The generally unhappy and irritated way that Skim lives her life is interrupted when her teacher Ms. Archer discovers Skim smoking behind the school. Ms. Archer immediately lights up too. Skim and Ms. Archer start to meet regularly in the beautiful wood grove behind the school. Skim becomes infatuated with Ms. Archer and they share a romantic kiss. There is no indication that the relationship goes further than that but after the kiss in the woods Ms. Archer immediately starts to keep her distance from Skim. The reason for this is pretty obvious. Skim is underage and it is clear that the school is getting a little suspicious of their relationship. A new teacher appears in Ms. Archer's class. A school therapist asks Skim questions. Ms. Archer disappears from school entirely and coolly dismisses Skim when Skim finds her house and asks to visit. When Skim gets her term paper back at the end of the semester, Ms. Archer's words keep their relationship at the teacher-student level. "I'm glad to see you have developed an appreciation for Romeo and Juliet, as your work here clearly demonstrates. Excellent work. -Ms. Archer" Skim is heartbroken.
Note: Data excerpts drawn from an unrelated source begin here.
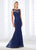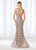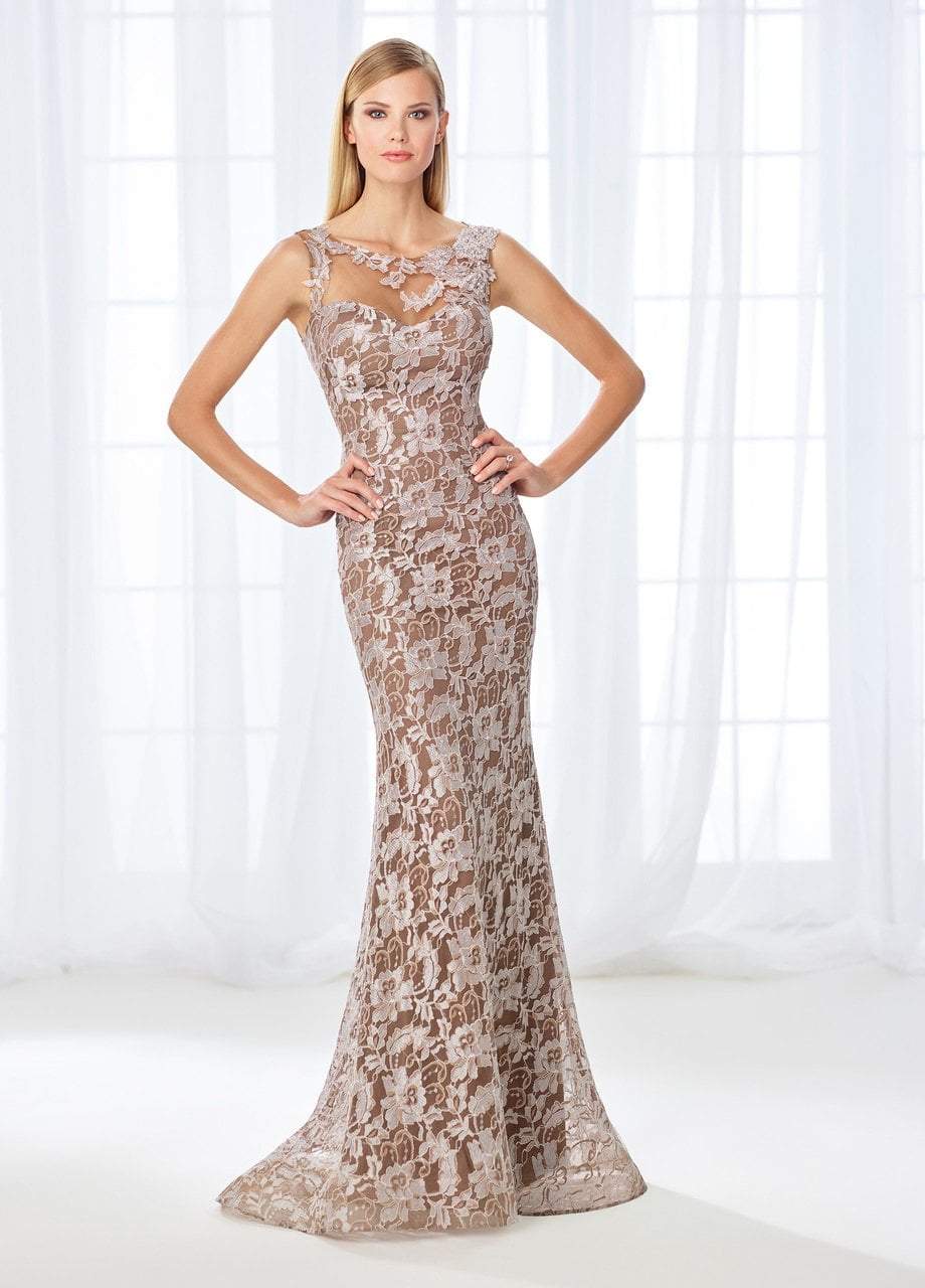 This sleeveless ensemble shows an allover beaded lace fit and flare gown. Accented with an illusion bateau neckline and dome-cutout back, detachable long lace sleeves charms the bodice. This slim-flared dress is designed in lace over a solid lining, and finishes in a sweep train.
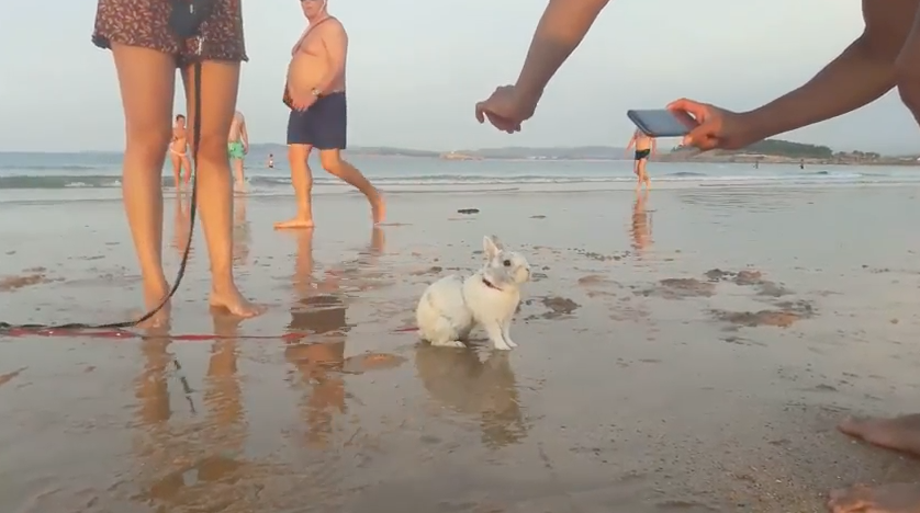 なぜだかおっさん爆笑。ビーチでうさんぽ。
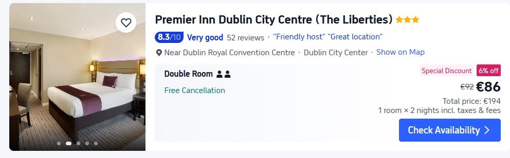 3* viesnīca Premier Inn Dublin City Centre (The Liberties). Divvietīgs numurs uz 2 naktīm – 194 EUR.
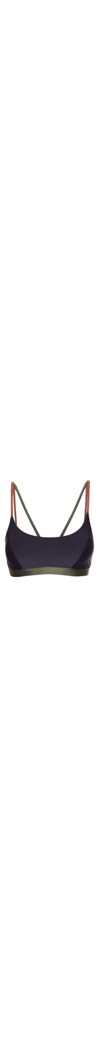 O top azul marinho é confeccionado em malha de poliamida com alta elasticidade. A peça justa ao corpo possui decote frontal reto e posterior nadador, alças finas duplas cruzadas na parte posterior e em cores contrastantes, recorte frontal, tag da marca aplicada em borracha vermelha na parte posterior, recortes, bojo removível, elástico embutido na barra e em cor contrastante verde, forro e comprimento cropped*.
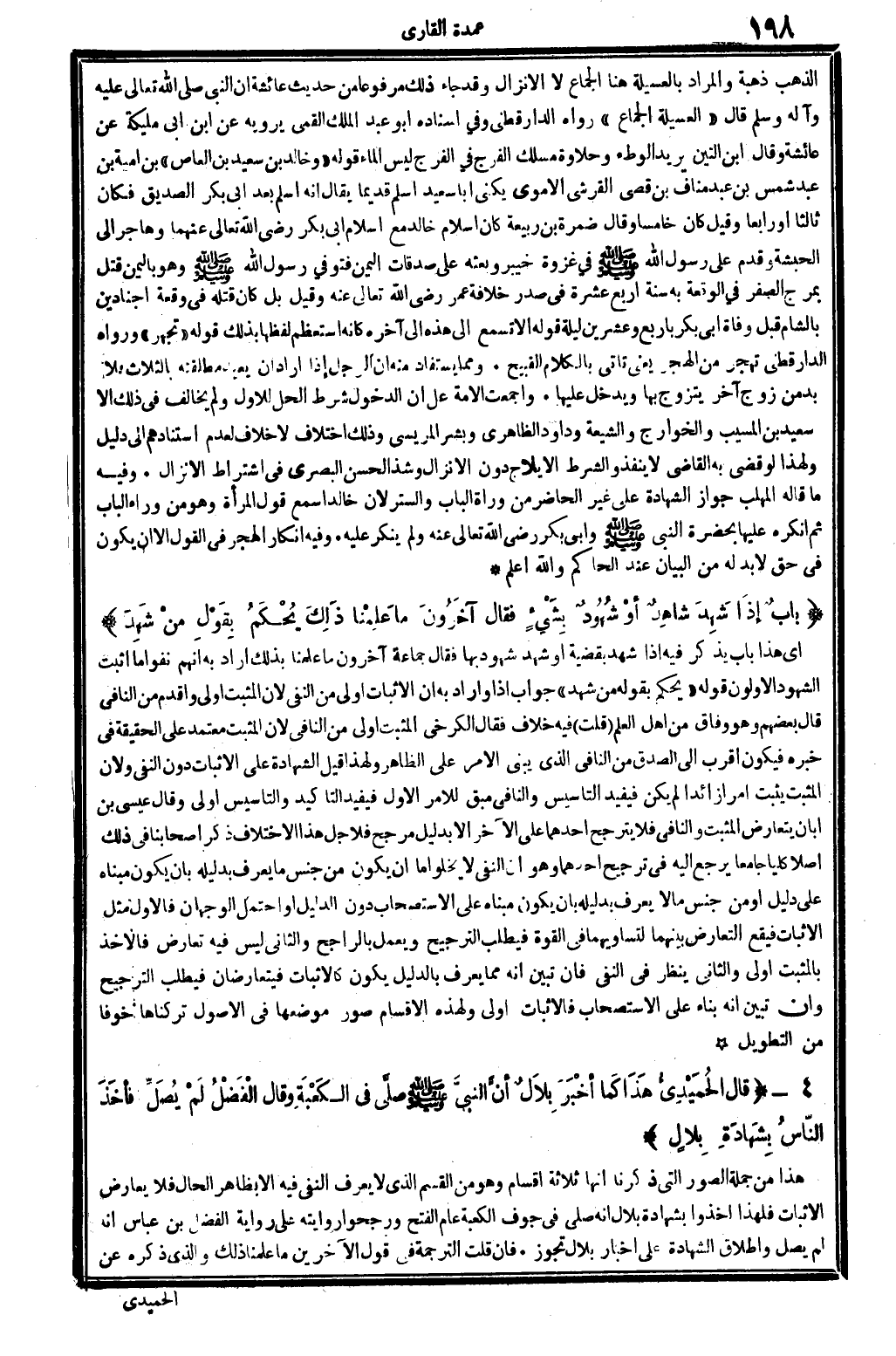 وَقَالَ الحُمَيْدِيُّ هَذَا كَما أخْبَرَ بِلالٌ أنَّ النَّبِيَّ صلى الله عَلَيْهِ وَسلم صلَّى فِي الكَعْبَةِ وَقَالَ الْفَضْلُ لَمْ يُصَلِّ فأخَذَ النَّاسُ بِشَهَادَةِ بِلالٍ
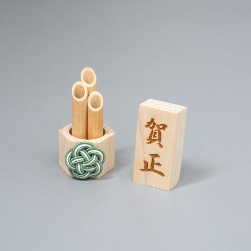 収納箱・鏡餅・立札・門松がセットになり、伝統的な意匠が端正に整うため、贈り物としても格が感じられます。
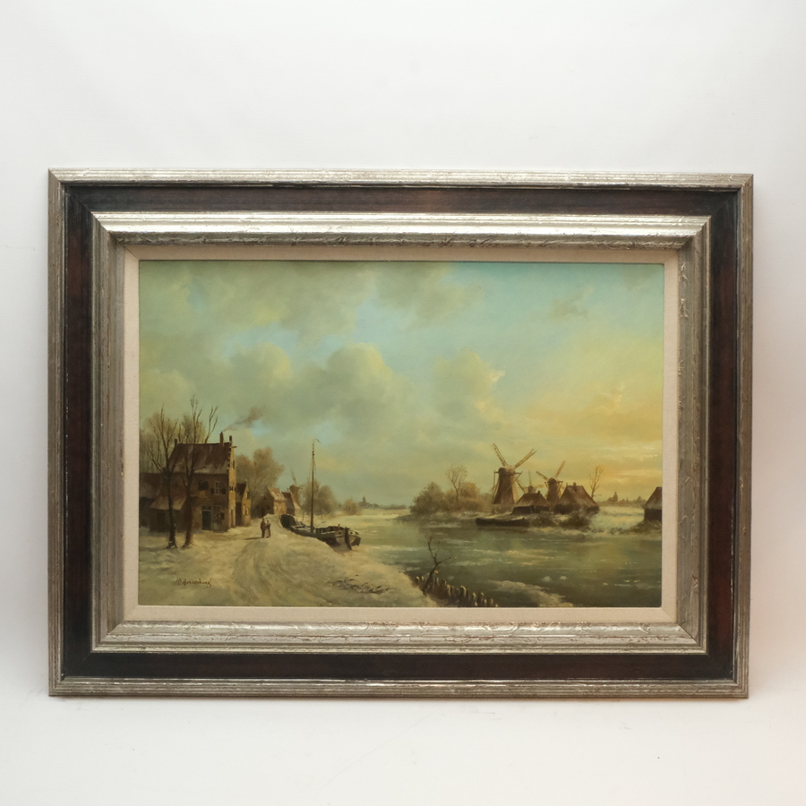 Schilderij, 40 x 60 cm. Romantische voorstelling met molens bij een vaart. Linksonder gesigneerd Peter Sterkenburg (Harlingen 1955 -Zurich 2000)
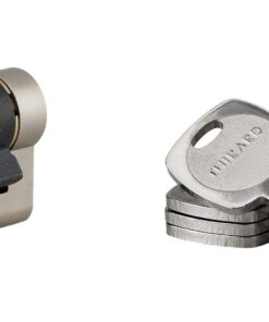 Description: European brass profile. Mechanism with 6 pins protection against hooking. Protection against drilling by 1st pin + hardened steel pusher. Protection against the break-in of the protruding part of the cylinder (anti-snap). Anti-tearing panel. 4 reversible flat keys nickel-plated brass with personal card. Finish: Nickel-plated Version: Half-cylinder. Cylinder 2 inputs. Cylinder 1 button input. Usage:
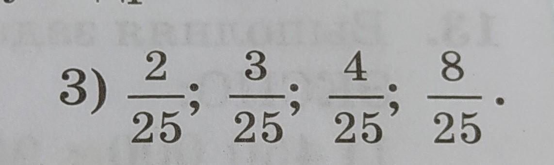 3) 2/25 = 0,08; 3/25 = 0,12; 4/25 = 0,16; 8/25 = 0,32
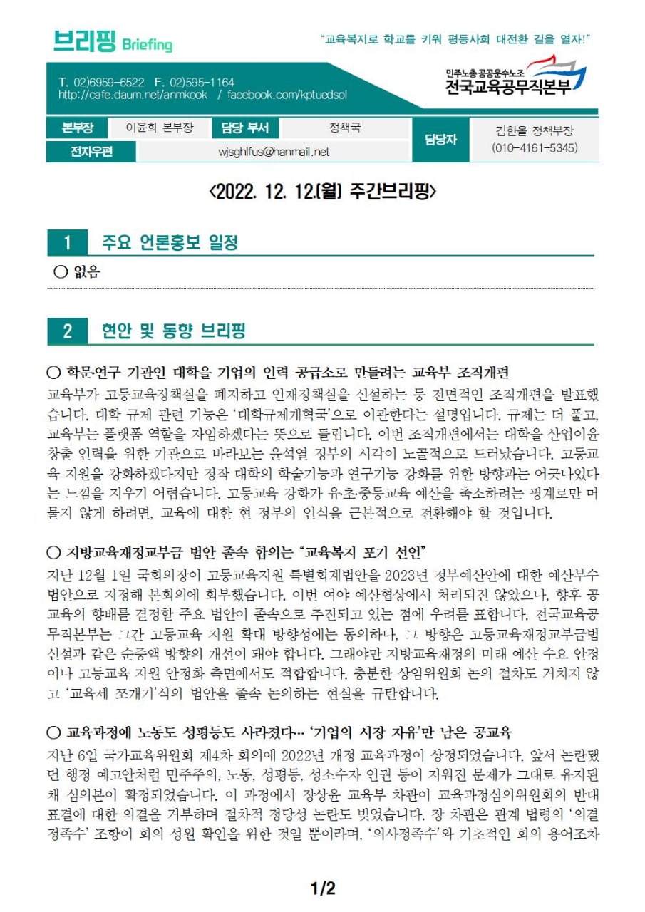 - 학문, 연구 기관인 대학을 기업의 인력 공급소로 만들려는 교육부 조직개편
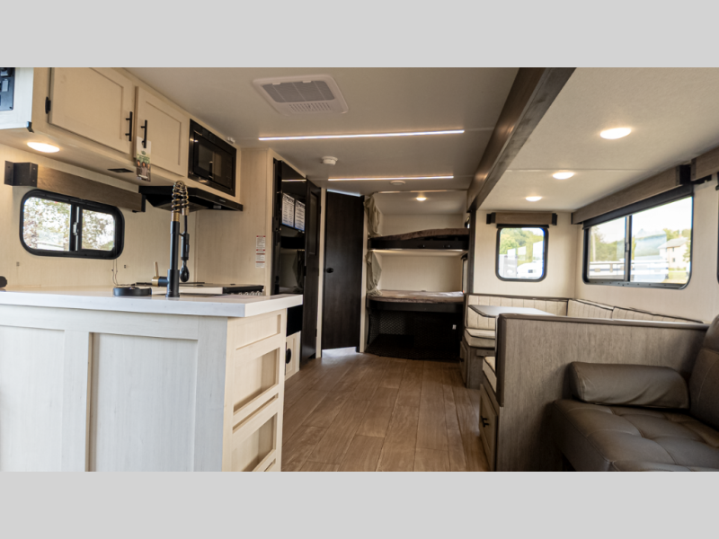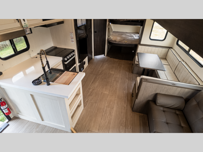 Why It’s Popular: Families love that the bunks and main bedroom let everyone retire without crashing on couches. Reviewers note the solid structure and usable features, plus the juice pack solar pre-wire.
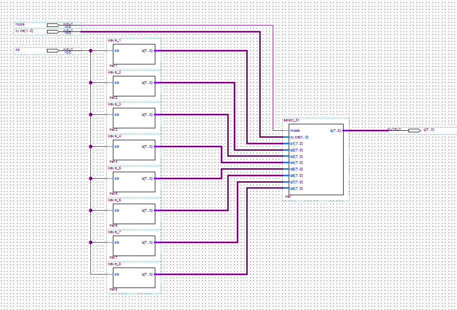 //信号发生器 module wave_generate( input clk,//时钟 input mode,//0表示正弦波,1表示方波 input [1:0] cycle,//周期控制,64--00;96--01;128--10;160--11 output [7:0] q//输出信号 ); wire [7:0] q1;//正弦64 wire [7:0] q2;//正弦96 wire [7:0] q3;//正弦128 wire [7:0] q4;//正弦160 wire [7:0] q5;//方波64 wire [7:0] q6;//方波96 wire [7:0] q7;//方波128 wire [7:0] q8;//方波160 //wave 1 wave_1 i_wave_1( . clk(clk), . q(q1)//输出信号 );
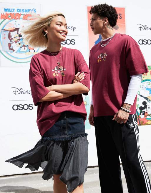 ASOS DESIGN - Disney - T-shirt oversize unisex bordeaux con stampa di Topolino e Minnie
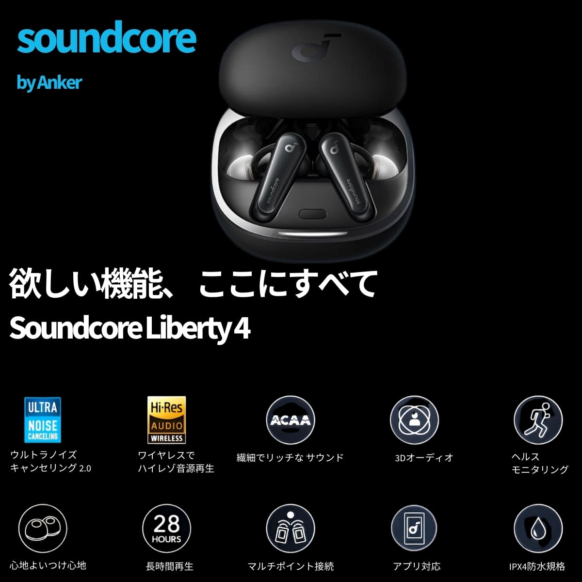 Soundcore Liberty 4 完全ワイヤレスイヤホン (ミッドナイトブラック)

"Skim" is a story with many layers, emphasized both by Mariko Tamaki's words and Jillian Tamaki's drawings. Jillian Tamaki imitates the 18th century okiyo-e Japanese woodblock style when she draws Skim, however Skim is no demure beauty delicately clutching a fan. If Chobunsai Eishi were to draw a grumpy unhappy schoolgirl whose loveliness is finally revealed, his painting would probably look like Jillian Tamaki's two-page illustration showing Skim and Ms. Archer's first (and last) kiss. No worries though, "Skim" does have a happy ending. "Skim" may not be the amazing masterpiece that "The One Summer" is but as a debut graphic novel it is fantastic. I thoroughly recommend this beautifully drawn, romantic, and endearing story.